> **SUPPLIED MATERIAL**:
_ _ _ _ _ _ _
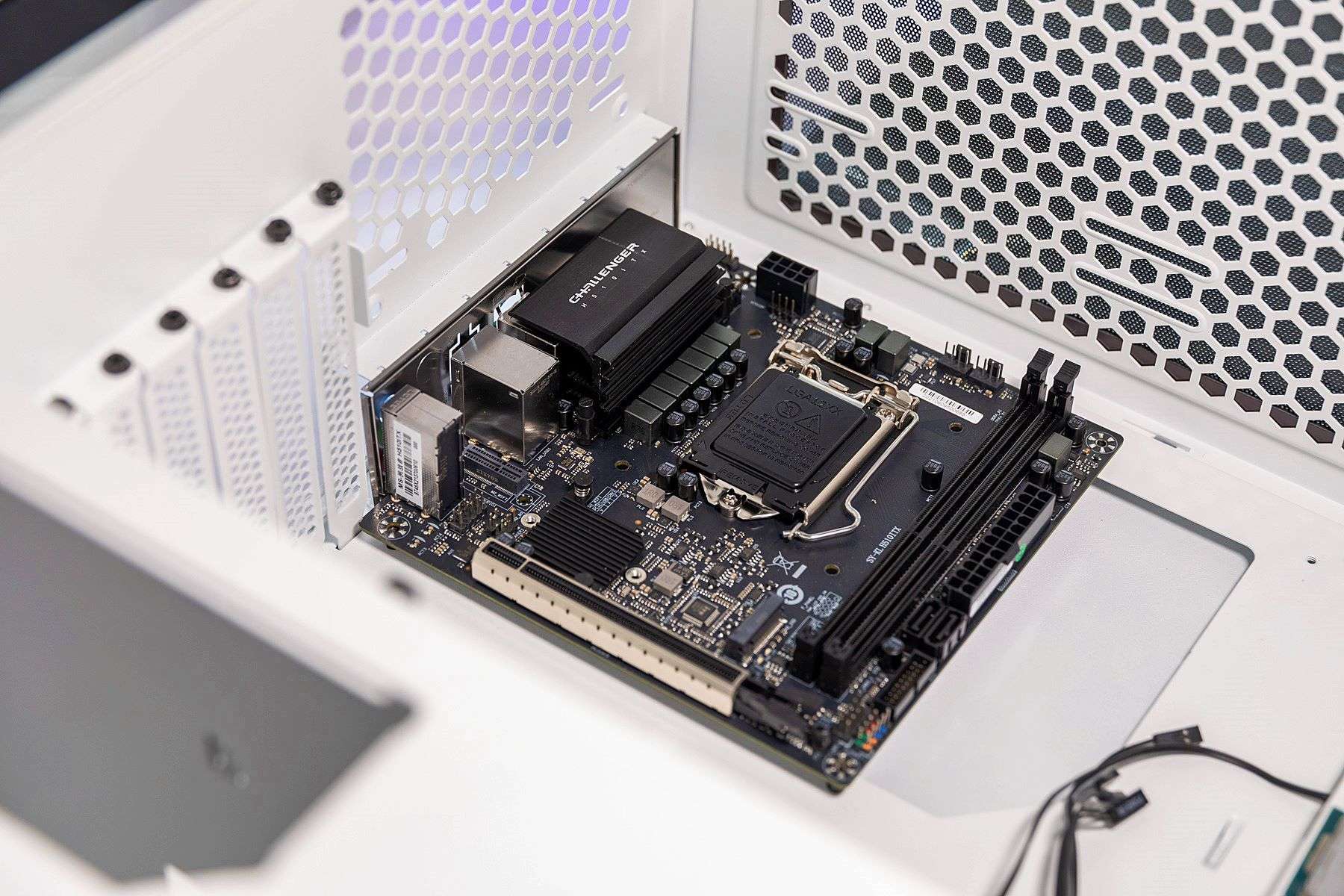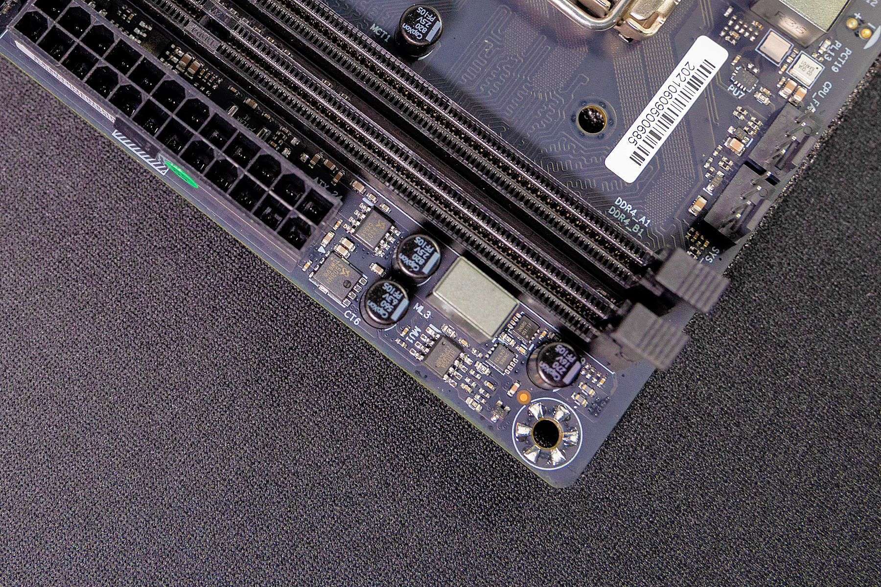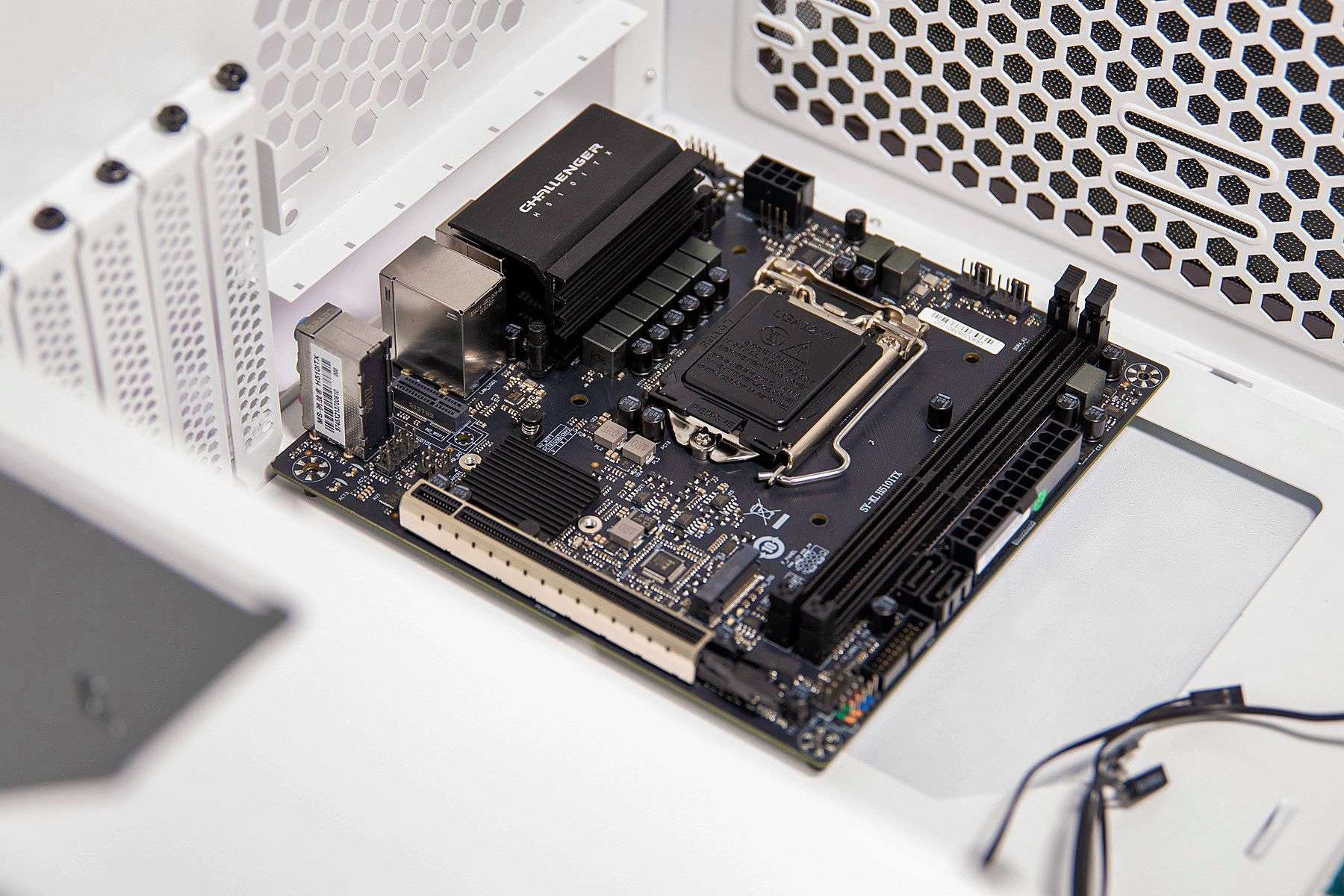 对于挑战者H510ITX主板在一些结构设计上,特别是考虑到小体积主板在安装方面的设计还是非常到位的。比如与机箱的连接接口基本都集中设计在了一侧,从主板背面也可以看到,对于内存、显卡等插槽都进行强化处理。整个外观和做工方面看上去非常优秀。
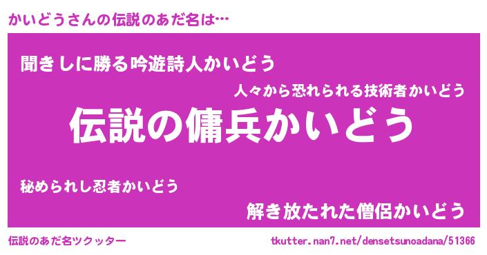 | 胡散臭い通販商品みたいなあだ名 | 『必ず成功する水晶球…その名も「かいどう」』 |
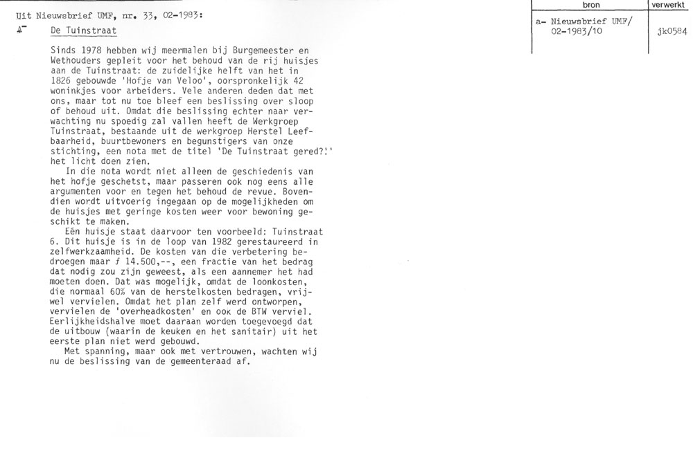 Utrecht - Tuinstraat 6 (gesloopt 1987)
_ _ _ _ _ _ _
> **EXERCISE INSTRUCTIONS**: Reproduce the whole listing above character for character; pictures do not belong in it.

> **SOLUTION TO THE EXERCISE**:
 对于挑战者H510ITX主板在一些结构设计上,特别是考虑到小体积主板在安装方面的设计还是非常到位的。比如与机箱的连接接口基本都集中设计在了一侧,从主板背面也可以看到,对于内存、显卡等插槽都进行强化处理。整个外观和做工方面看上去非常优秀。
 | 胡散臭い通販商品みたいなあだ名 | 『必ず成功する水晶球…その名も「かいどう」』 |
 Utrecht - Tuinstraat 6 (gesloopt 1987)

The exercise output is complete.